The seven secondary model parameters (\({\upmu }_{\mathrm{opt}}^{\mathrm{i}}\), \({\mathrm{T}}_{\mathrm{min}}^{\mathrm{i}}\), \({\mathrm{T}}_{\mathrm{opt}}^{\mathrm{i}}\), \({\mathrm{T}}_{\mathrm{max}}^{\mathrm{i}}\), \({\mathrm{pH}}_{\mathrm{min}}^{\mathrm{i}}\), \({\mathrm{pH}}_{\mathrm{opt}}^{\mathrm{i}}\), and \({\mathrm{pH}}_{\mathrm{max}}^{\mathrm{i}}\)) of each \(i\) microbial species were estimated for each of the twelve \({\upmu }_{\mathrm{max}}^{\mathrm{i}}\) values of each pure culture. The fitting procedure was also performed using the fit function of the Curve Fitting Tool of the Matlab R2020b software. The average of all \({\mathrm{y}}_{\mathrm{max}}^{\mathrm{i}}\) values of each \(\mathrm{i}\) species was calculated (\({\mathrm{y}}_{\mathrm{max},\mathrm{avg}}^{\mathrm{i}}\)) and considered in the internal model validation.

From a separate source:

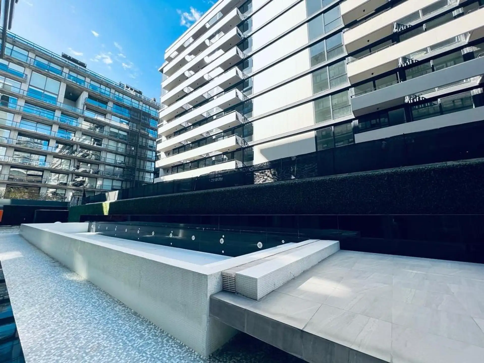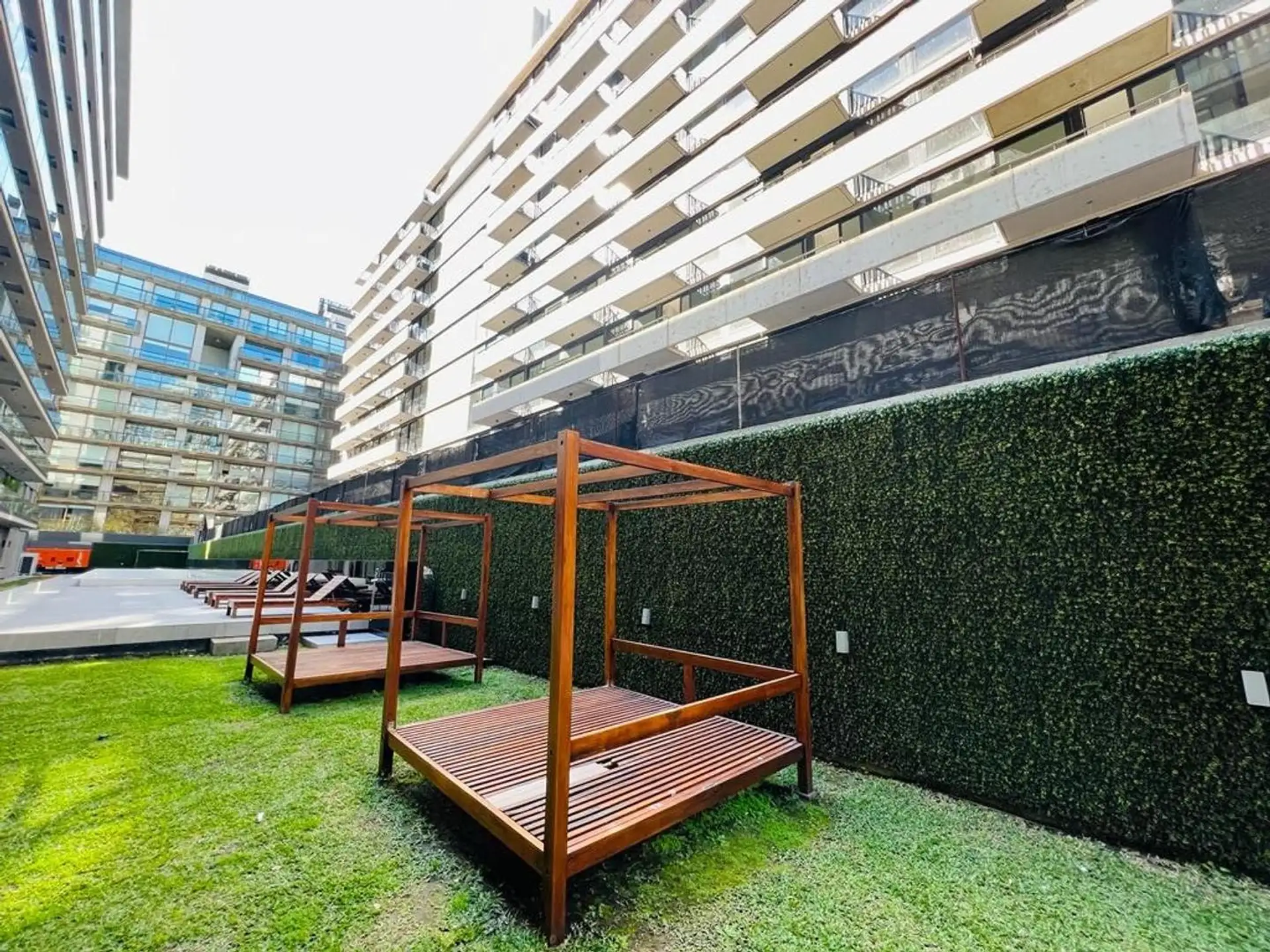 Apartamento de 2 ambientes em Puerto Madero, com 1 dormitório, mobiliado e pronto para entrada direta. Tem sala e cozinha integradas, lavabo de recepção, banheiro completo, varanda corrida (na sala e no dormitório) e área de lavanderia com lavadora. O apartamento conta com Wi-Fi e TV, e inclui vaga de garagem. O prédio oferece segurança 24 horas, piscina externa de temporada, centro de fitness e salão compartilhado, jardim e solário, além de acessibilidade para pessoas com mobilidade reduzida.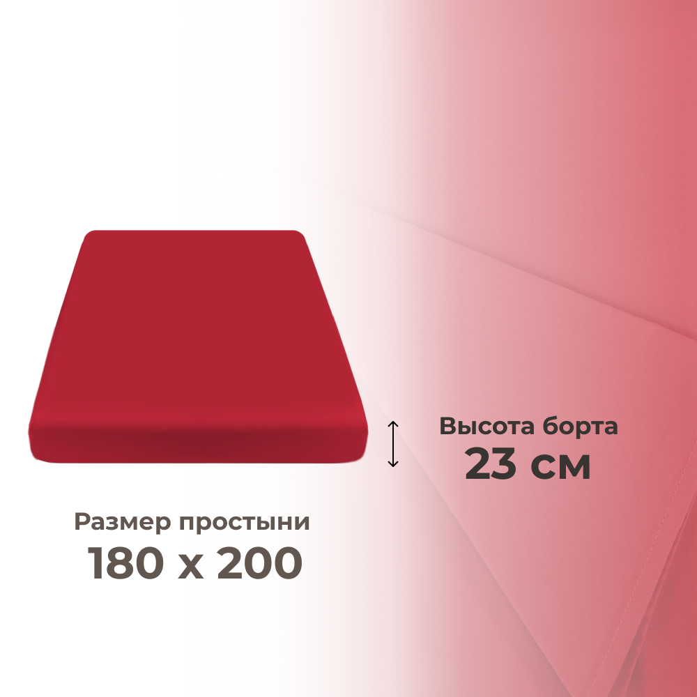 Купить Простынь на резинке Lisleep 180х200, натяжная, сатин (100% хлопок), красный

Fitting the primary and secondary models with the one-step modeling approach
The growth of each \(i\) pure culture was described by the differential form of the Baranyi and Roberts [6] primary model, as shown in Eqs. (6) and (7). The initial conditions for the Eqs. (6) and (7) were \({\mathrm{y}}^{\mathrm{i}}\left(0\right)={\mathrm{y}}_{0}^{\mathrm{i}}\) and \({\mathrm{Q}}^{\mathrm{i}}\left(0\right)={\mathrm{Q}}_{0}^{\mathrm{i}}\), respectively, in which \({\mathrm{Q}}_{0}^{\mathrm{i}}\) is a parameter related to the physiological state of cells (\({\mathrm{h}}_{0}^{\mathrm{i}}\)) of each \(i\) species at the time zero, as well as can be related to the adaptation time (\({\uplambda }^{\mathrm{i}}\)) and \({\mu }_{\mathrm{max}}^{i}\) of each microbial species, as given by Eq. (8). The \({\mathrm{Q}}_{0}^{\mathrm{i}}\) values of each \(i\) species were the same of the two-step modeling approach.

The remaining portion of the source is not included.